# Collaboration and Competition

---
###          Deep Reinforcement Learning Nano-degree - Udacity
###                  Created/Modified on: December 5th, 2018
###                      Author: Munir Jojo-Verge
---

In this notebook, you will learn how to use the Unity ML-Agents environment for the third project of the [Deep Reinforcement Learning Nanodegree](https://www.udacity.com/course/deep-reinforcement-learning-nanodegree--nd893) program.

### 1. Start the Environment

We begin by importing the necessary packages.  If the code cell below returns an error, please revisit the project instructions to double-check that you have installed [Unity ML-Agents](https://github.com/Unity-Technologies/ml-agents/blob/master/docs/Installation.md) and [NumPy](http://www.numpy.org/).

In [1]:
from unityagents import UnityEnvironment

import numpy as np
import random
import torch
import numpy as np
import os.path
from collections import deque
import matplotlib.pyplot as plt
import time
import argparse
from datetime import datetime

%matplotlib inline

#### 1.1 Import the python files developed for this project
You'll find all the code in the following files.
* ddpg_agent.py: In this file we have 2 classes defined:
    * Agent class: That implements the DDPG algorithm
    * ReplayBuffer: This is a very simple Replay Mememory class to basicaly store and sample the "Transisions" (state,action, next_state, reward, done)
* memory.py: In this file I developed a more sophisticated Priority Replay Memory Class based on the "Rainbow" development.
* model.py: Defines the Actor/Critic Neural Networks (with 4 hidden layers and 96x96 filters)
* model2.py: Defines the Actor/Critic Neural Networks (with 3 hidden layers and 96x96 filters) - This one ended up being sufficient and even performed better.(Read Report.pdf for more details)

In [2]:
from ddpg_agent import Agent, ReplayBuffer
from memory import ReplayMemory

### 2. Define the arguments that we will use to configure/define the Cov Nets and the algoritm's behavior
This is a comprehensive list of arguments that will serve as a fundation for both, the single agent and the multiple agent.

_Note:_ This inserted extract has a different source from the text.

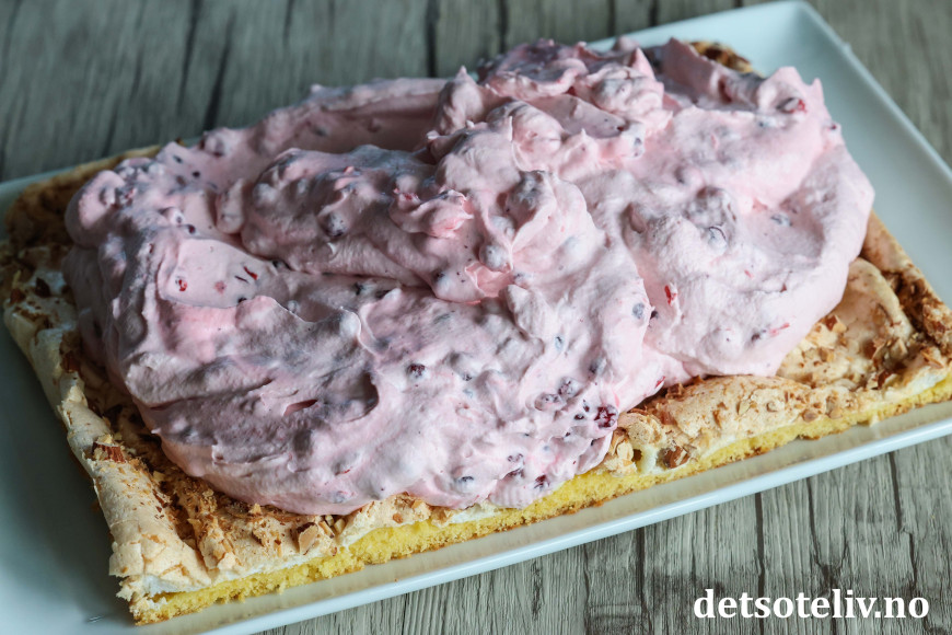 Ved å fylle Verdens Beste med søt, fluffy tyttebærkrem får du både tilfredsstilt behovet for variasjon, en flott, kunstnerisk kake og "intense pleasure"! 😍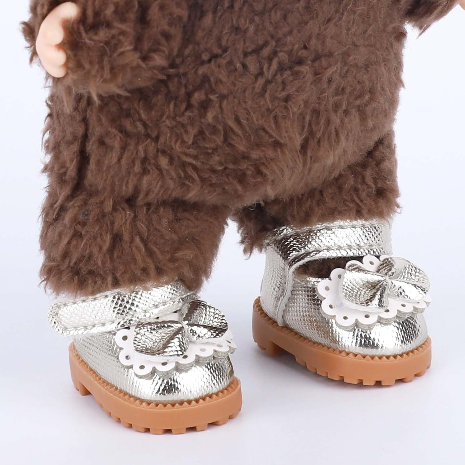 Materiale di qualità: le scarpe sono realizzate in pelle PU, morbida, comoda al tatto, resistente e non facile da danneggiare e sbiadire, servendoti a lungo. Contenuto del prodotto: riceverai 1 paio di graziose mini scarpe per bambole, perfette per decorare le tue bambole. Dimensioni del prodotto: questo paio di mini scarpe misura circa 3,8 x 2,5 x 2 cm, adatto per bambole di 15 cm e 17 cm. Si prega di verificare le dimensioni della bambola da collezione prima dell'acquisto. Design carino: questo paio di scarpe lucide, delicate e carine, decorate con bellissimi pizzo e fiocchi, che possono far risaltare la tua bambola all'istante. Regalo premuroso: questo paio di scarpe sorprenderà e delizierà i bambini che amano decorare bambole, collezionisti o appassionati di fai da te. Un regalo perfetto per compleanni, vacanze o uso quotidiano.

Also we will use some of this arguments to define how the DDPG algorithm will behave.

In [3]:
class args:
    seed = 777                      # Random seed
    disable_cuda = False            # Disable CUDA
    device = torch.device("cuda:0" if torch.cuda.is_available() else "cpu")
    #game = '/media/munirjojo-verge/My Passport/01 - Deep Learning Nanodegree/deep-reinforcement-learning/p2_continuous-control/Reacher_Linux_NoVis/Reacher.x86_64' # Udacity environment        
    game = '/media/munirjojo-verge/My Passport/01 - Deep Learning Nanodegree/deep-reinforcement-learning/p3_collab-compet/Tennis_Linux/Tennis.x86_64'
    T_max = int(1e3)                # Number of training steps
    max_num_episodes = int(1000)     # Max number of episodes      
    
    hidden_1_size = 96              # Network hidden layer 1 size
    hidden_2_size = 96              # Network hidden layer 2 size
    hidden_3_size = 96              # Network hidden layer 3 size
    
    noise_std = 0.05               # Initial standard deviation of noise added to weights
    
    memory_capacity = int(1e6)      # Experience replay memory capacity
    batch_size = 256*1             # Batch size: Number of memories will be sampled to learn 
    learning_starts_ratio = 1/50   # Number of steps before starting training = memory capacity * this ratio
    learning_frequency = 2    # Steps before we sample from the replay Memory again    
    
    priority_exponent = 0.5         # Prioritised experience replay exponent (originally denoted α)
    priority_weight = 0.4           # Initial prioritised experience replay importance sampling weight
    
    discount = 0.99                 # Discount factor
    
    target_update = int(30)          # Number of steps after which to update target network (Soft update for Actor & Critic)
    tau = 1e-3                      # Soft Update interpolation parameter
    
    reward_clip = 1                 # Reward clipping (0 to disable)
    
    lr_Actor = 1e-3                 # Learning rate - Actor
    lr_Critic = 1e-3                # Learning rate - Critic
    adam_eps = 1e-08                # Adam epsilon (Used for both Networks)
    weight_decay = 0                # Critic Optimizer Weight Decay
        

### 3. Setup the platform where we'll run

Using some of the arguments above we can setup some of our platform parameters

In [4]:
random.seed(args.seed)
torch.manual_seed(random.randint(1, 10000))
if torch.cuda.is_available() and not args.disable_cuda:
  args.device = torch.device('cuda')
  torch.cuda.manual_seed(random.randint(1, 10000))
  torch.backends.cudnn.enabled = False  # Disable nondeterministic ops (not sure if critical but better safe than sorry)
else:
  args.device = torch.device('cpu')

### 4. Create the Environment - Unity

In [5]:
env = UnityEnvironment(file_name = args.game)

INFO:unityagents:
'Academy' started successfully!
Unity Academy name: Academy
        Number of Brains: 1
        Number of External Brains : 1
        Lesson number : 0
        Reset Parameters :
		
Unity brain name: TennisBrain
        Number of Visual Observations (per agent): 0
        Vector Observation space type: continuous
        Vector Observation space size (per agent): 8
        Number of stacked Vector Observation: 3
        Vector Action space type: continuous
        Vector Action space size (per agent): 2
        Vector Action descriptions: , 


Environments contain **_brains_** which are responsible for deciding the actions of their associated agents. Here we check for the first brain available, and set it as the default brain we will be controlling from Python.

In [6]:
# get the default brain
brain_name = env.brain_names[0]
brain = env.brains[brain_name]

### 5. Examine the State and Action Spaces

In this environment, a double-jointed arm can move to target locations. A reward of `+0.1` is provided for each step that the agent's hand is in the goal location. Thus, the goal of your agent is to maintain its position at the target location for as many time steps as possible.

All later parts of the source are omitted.